Retype exactly the span of lines below from the one with "В сывороточном протеиновом" through the one with "চট্টগ্রাম দক্ষিণ জেলা". Do not include pictures.

DATA EXTRACT |
......
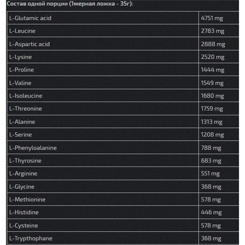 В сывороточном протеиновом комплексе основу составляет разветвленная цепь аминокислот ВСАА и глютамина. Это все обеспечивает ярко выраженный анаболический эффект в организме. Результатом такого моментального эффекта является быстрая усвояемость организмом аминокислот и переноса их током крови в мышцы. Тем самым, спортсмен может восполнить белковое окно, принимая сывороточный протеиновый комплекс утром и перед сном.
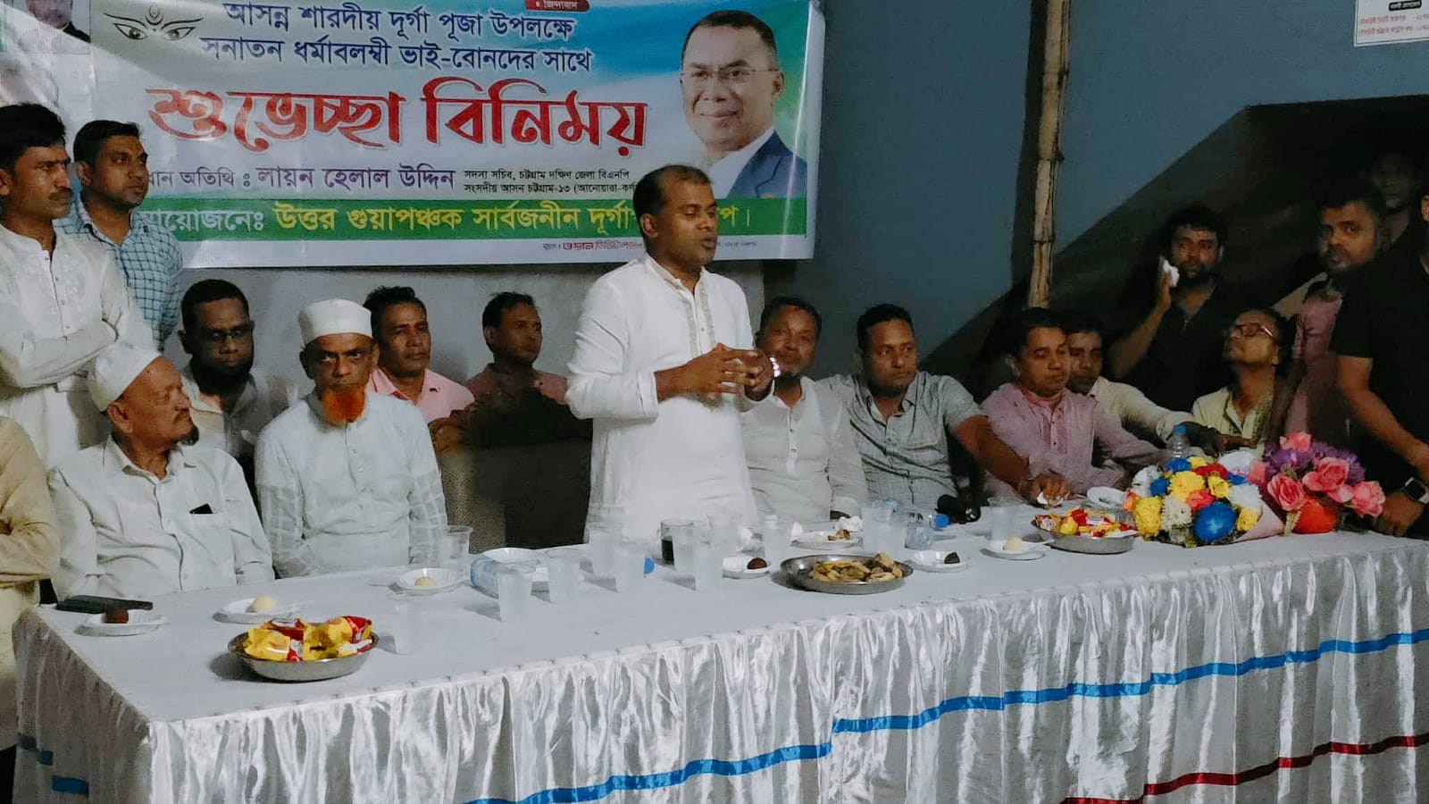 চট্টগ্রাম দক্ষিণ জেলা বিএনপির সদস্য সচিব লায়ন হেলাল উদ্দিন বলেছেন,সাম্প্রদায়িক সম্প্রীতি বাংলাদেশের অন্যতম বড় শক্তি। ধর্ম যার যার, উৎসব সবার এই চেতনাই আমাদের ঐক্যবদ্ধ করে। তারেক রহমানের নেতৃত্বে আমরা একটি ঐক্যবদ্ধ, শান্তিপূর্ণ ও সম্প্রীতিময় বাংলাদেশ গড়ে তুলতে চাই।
......
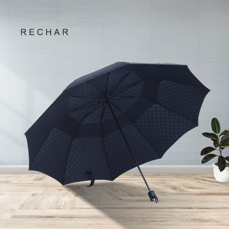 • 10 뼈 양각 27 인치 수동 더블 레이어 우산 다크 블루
......
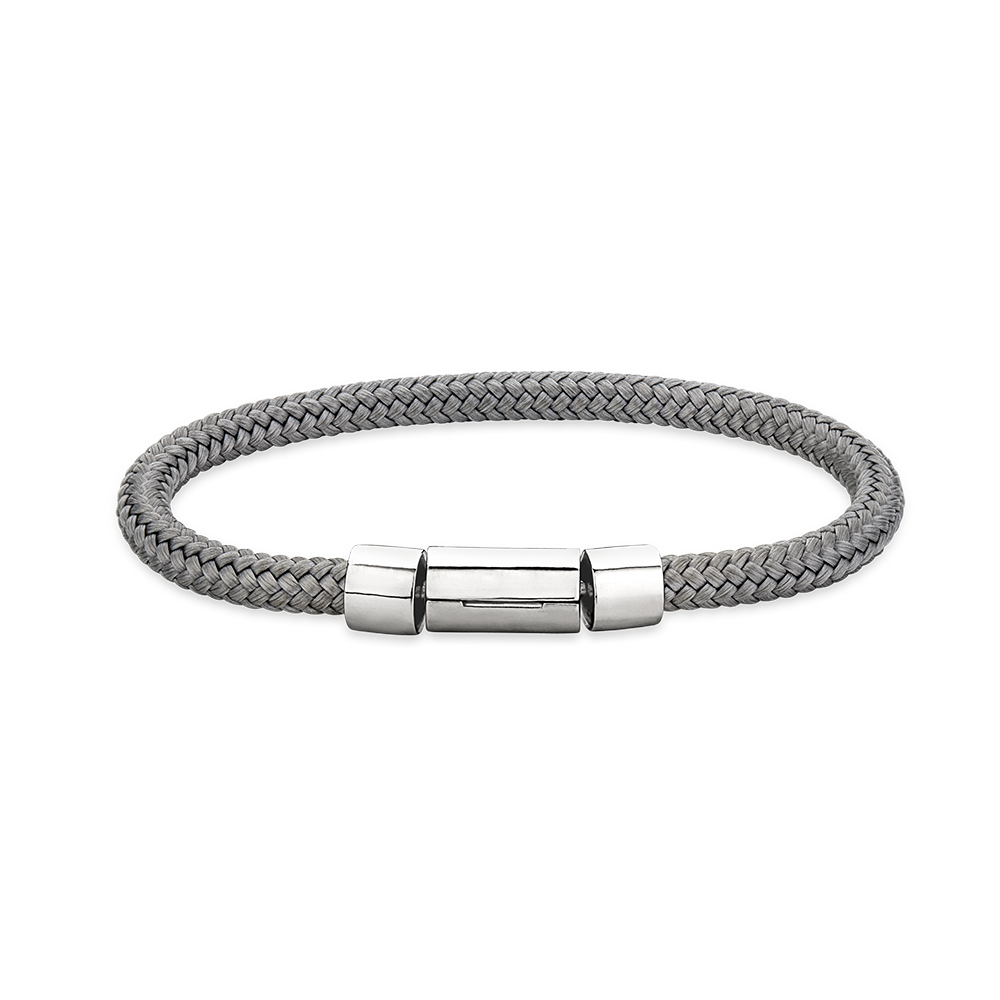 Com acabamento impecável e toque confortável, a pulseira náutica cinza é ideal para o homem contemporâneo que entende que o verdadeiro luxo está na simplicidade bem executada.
......
RESPONSE BOX |
 В сывороточном протеиновом комплексе основу составляет разветвленная цепь аминокислот ВСАА и глютамина. Это все обеспечивает ярко выраженный анаболический эффект в организме. Результатом такого моментального эффекта является быстрая усвояемость организмом аминокислот и переноса их током крови в мышцы. Тем самым, спортсмен может восполнить белковое окно, принимая сывороточный протеиновый комплекс утром и перед сном.
 চট্টগ্রাম দক্ষিণ জেলা বিএনপির সদস্য সচিব লায়ন হেলাল উদ্দিন বলেছেন,সাম্প্রদায়িক সম্প্রীতি বাংলাদেশের অন্যতম বড় শক্তি। ধর্ম যার যার, উৎসব সবার এই চেতনাই আমাদের ঐক্যবদ্ধ করে। তারেক রহমানের নেতৃত্বে আমরা একটি ঐক্যবদ্ধ, শান্তিপূর্ণ ও সম্প্রীতিময় বাংলাদেশ গড়ে তুলতে চাই।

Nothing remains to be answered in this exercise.